Yeah it's bright, but can you EDC it ?





and good job on the restoration, that's an awesome light


----------



## BVH (Oct 31, 2009)

Actually, having owned one up until last May (with a Grade 8+ mirror), I did lots of research on the light produced from my GE 1942A. Carbon Arcs produce about 42 Lumens per Watt.

73 running Volts DC (ballasted down from about 98 Volts) x's 150 running Amps = 10,950 Watts
10,950 Watts x's 42 Lumens = 459,900 Lumens.

Granted, these Lumens are focused extremely tight. On most typical nights, the beam can be seen from about 25 maybe 30 miles. It is said that if the light was aimed straight across a 6 mile field, you could read a newspaper at 5.7 miles.


----------



## Kuryakin (Oct 31, 2009)

Ours is running 78 volts at 150 amps, at the arc, just shy of 12,000 watts. Sperry's use voltage control of the rod position, GE uses current control. As per the operating instructions. Fort Hancock has a GE. Their reflector is better than ours, but ours is still 7+, after considerable cleaning and polishing. 
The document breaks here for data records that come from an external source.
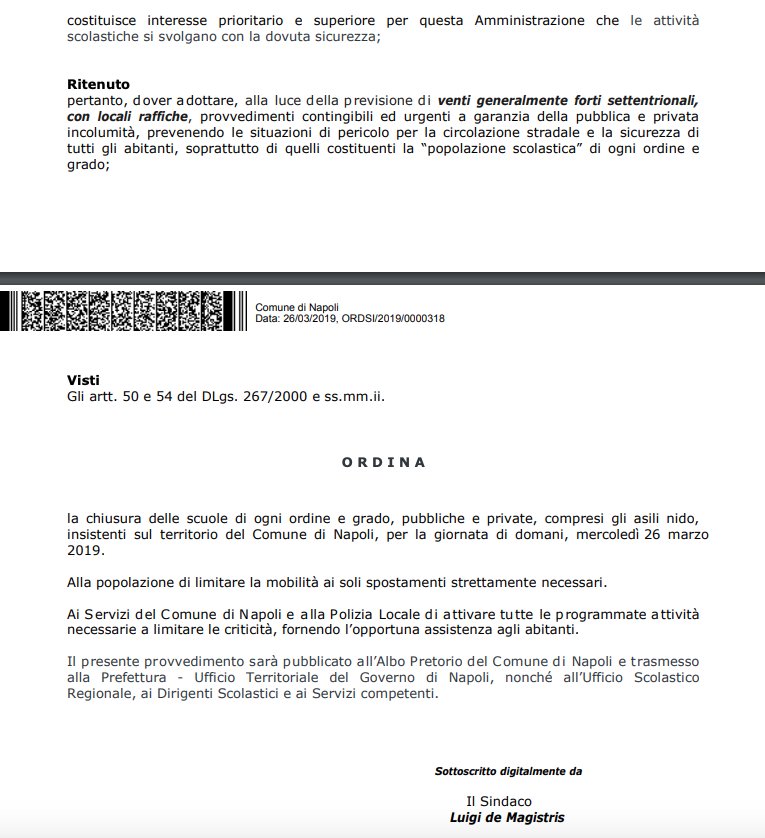 In tanti stanno aspettando da diverse ore l’annuncio del comune partenopeo. Il sito dell’amministrazione presieduta da Luigi de Magistris è stato preso d’assalto dagli utenti e risulta complicato collegarsi per la grossa mole di traffico in entrata. Il tam-tam corre in rete dal primo pomeriggio, così come le chat di insegnanti, genitori e collaboratori scolastici sono “bollenti” in attesa dell’eventuale fumata bianca. E’ stata diffusa addirittura una ordinanza fake, scritta in un italiano approssimativo, che in tanti considerano ingenuamente ufficiale.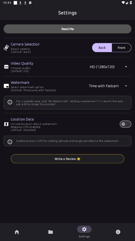 设置界面,可以设置摄像头前置或者后置,视频分辨率,水印,定位等等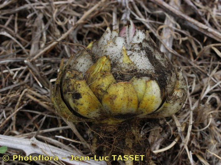 Zwiebel breit oval, bis 9 cm im Durchmesser, mit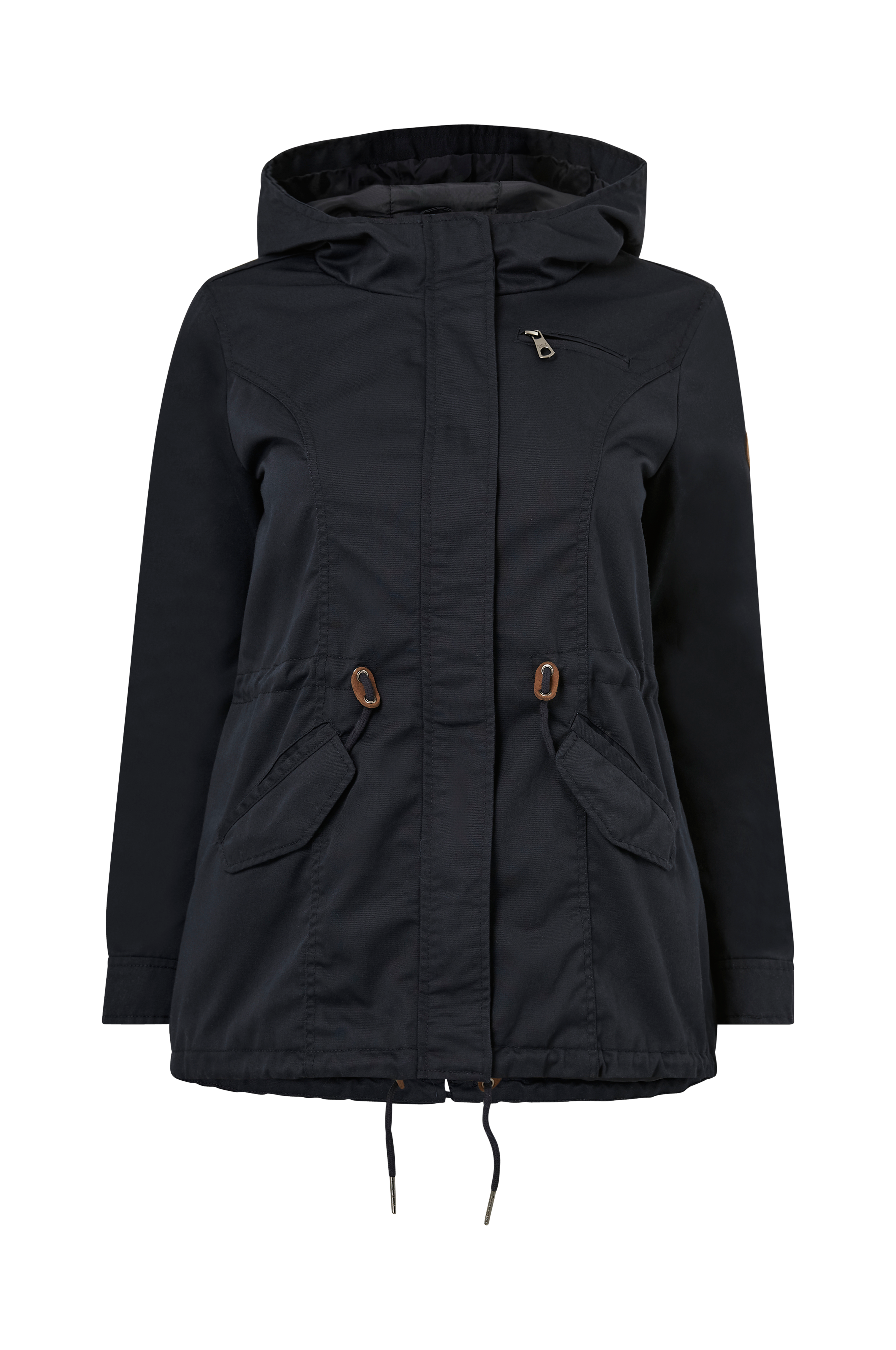 • Lynlås foran• Vindflap med trykknapper• Træksnørre ved taljen og ved nederste kant• To forlommer• Hætte• Store størrelser• Længde: 76 cm i størrelse S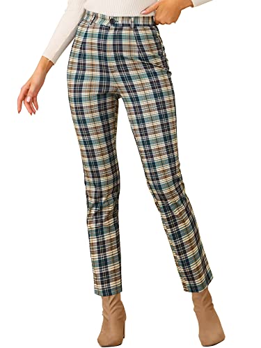 Allegra K Women's Plaid Pants High Waisted Vintage Tartan Checkered Cropped Casual Work Pants Large Green
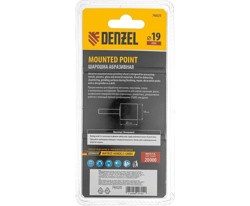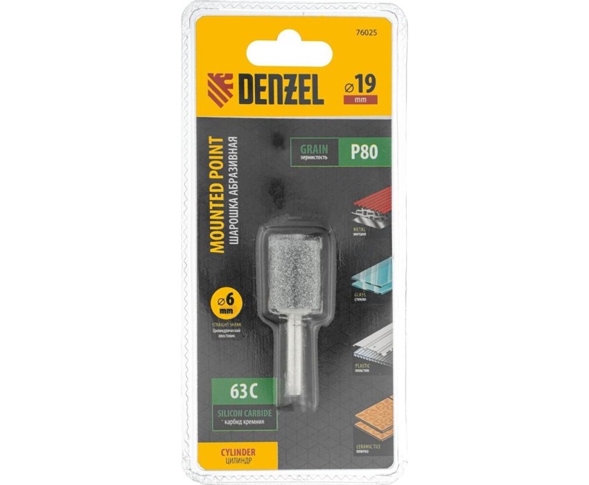 Шарошка абразивная Denzel 76025 с рабочей частью в форме цилиндра 19 х 25 мм, с хвостовиком диаметром 6 мм, устанавливается на дрель, шуруповерт или или прямошлифовальную машину (ПШМ). Удобна для зачистки ровных поверхностей, обработки сварных швов, удаления заусенцев, снятия фасок, а также для расширения отверстий и заточки лезвий режущих инструментов. Будет полезна при выполнении ремонтных, кузовных, отделочных работ.ПреимуществаДолговечность — абразив из карбида кремния (63С) обладает в 2 раза большим ресурсом, чем оксид алюминия.Универсальность — шарошка подходит для обработки металла, пластика, различных сплавов, стекла, керамической плитки, натурального и искусственного камня.Простое использование — цилиндрический хвостовик подходит для стандартных патронов дрелей и шуруповертов, а также для ПШМ с цанговым зажимом.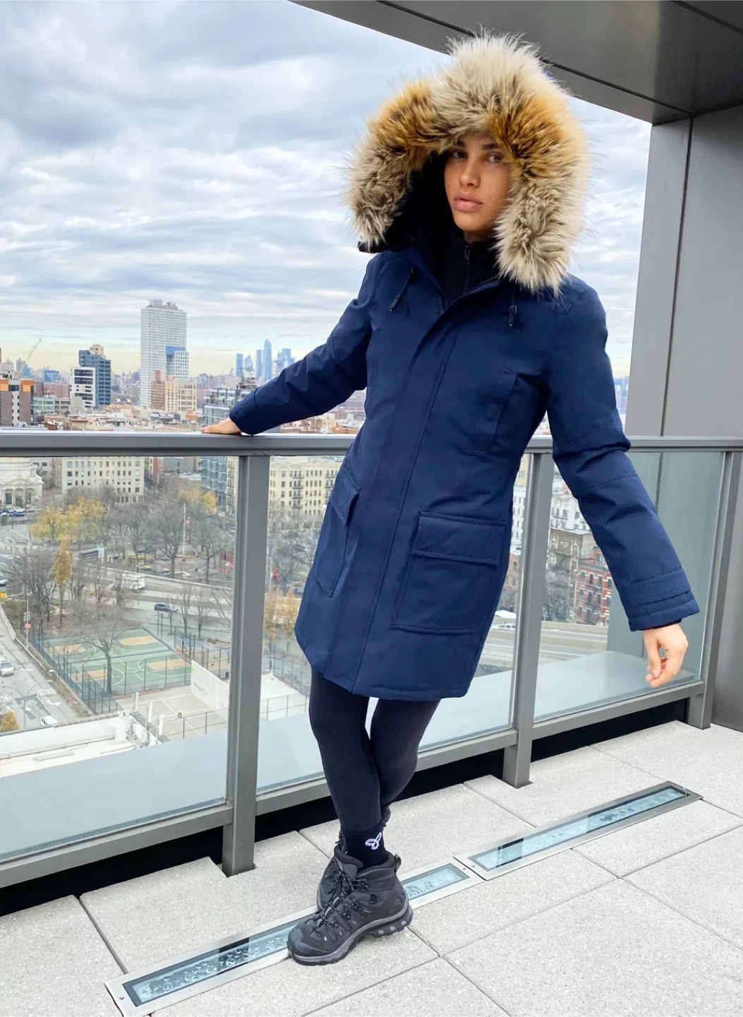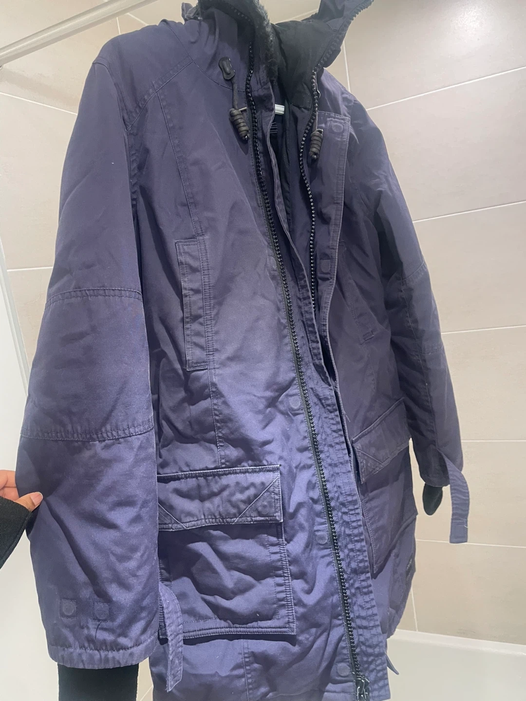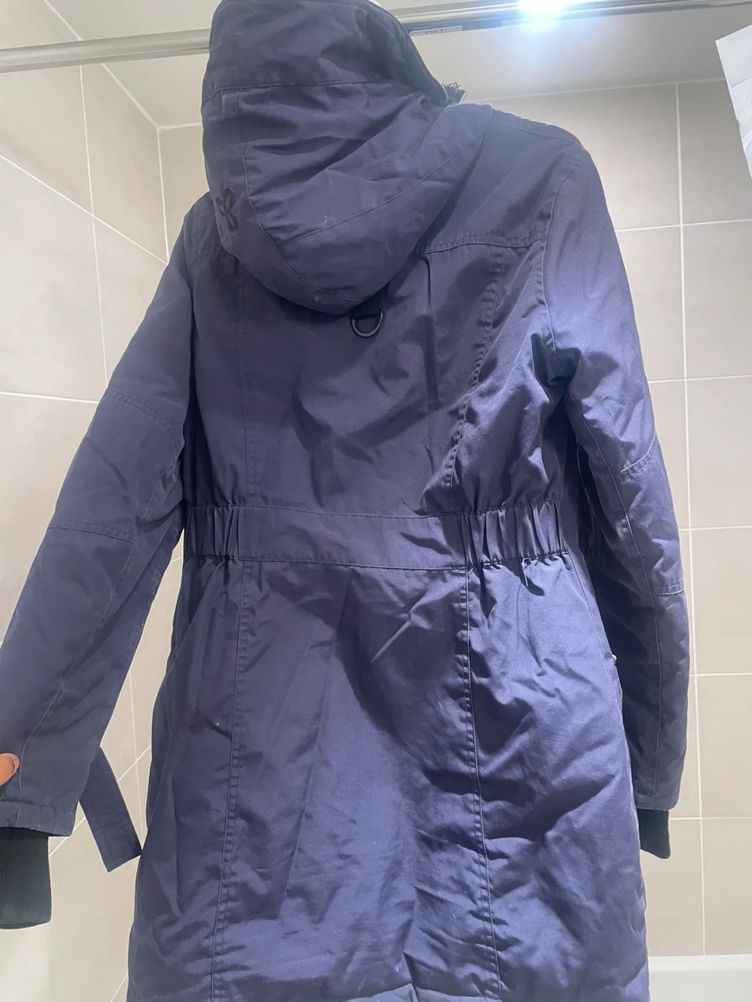 10Selling a Aritzia Bancroft parka in navy blue! It's a stylish and warm jacket, perfect for the Canadian winter. Gently used (Fur lining on the hoodie is not available) very warm still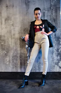 SPODNIE MATERIAŁOWE ZE ZŁOTYMI GUZIKAMI- BEŻOWE

They went to Cape May, we are at Cape Henlopen, and we shot the beams across the bay, 17 miles at that point. We're on top of a 65 foot dune where Battery 519 is located, and each side could EASILY read a newspaper from the beam across the bay. 

Yes, we crossed the beams, and did NOT get instantaneous protonic reversal. <G>

If you have a 60" GE, you should also be doing 2,100,000 lumens from the arc. The luminous efficacy of a carbon arc is actually pretty darn good, even with the ballast resistor. Of course, the down side is the rods only last about 2 hours. But the crater temperature is essentially at the boiling point of carbon, close to 6600F, and with the rare earth salts in the mix, it's about as efficient a white light source as you're going to get. As they get larger, they also get a lot more efficient. And yes, we're talking 175 lumens per watt!



BVH said:


> Actually, having owned one up until last May (with a Grade 8+ mirror), I did lots of research on the light produced from my GE 1942A. Carbon Arcs produce about 42 Lumens per Watt.
> 
> 73 running Volts DC (ballasted down from about 98 Volts) x's 150 running Amps = 10,950 Watts
> 10,950 Watts x's 42 Lumens = 459,900 Lumens.
> ...


----------



## -Virgil- (Nov 1, 2009)

Kuryakin said:


> Yes, we crossed the beams, and did NOT get instantaneous protonic reversal. <G>



But did the Sta-Puft Marshmallow Man appear? ;-)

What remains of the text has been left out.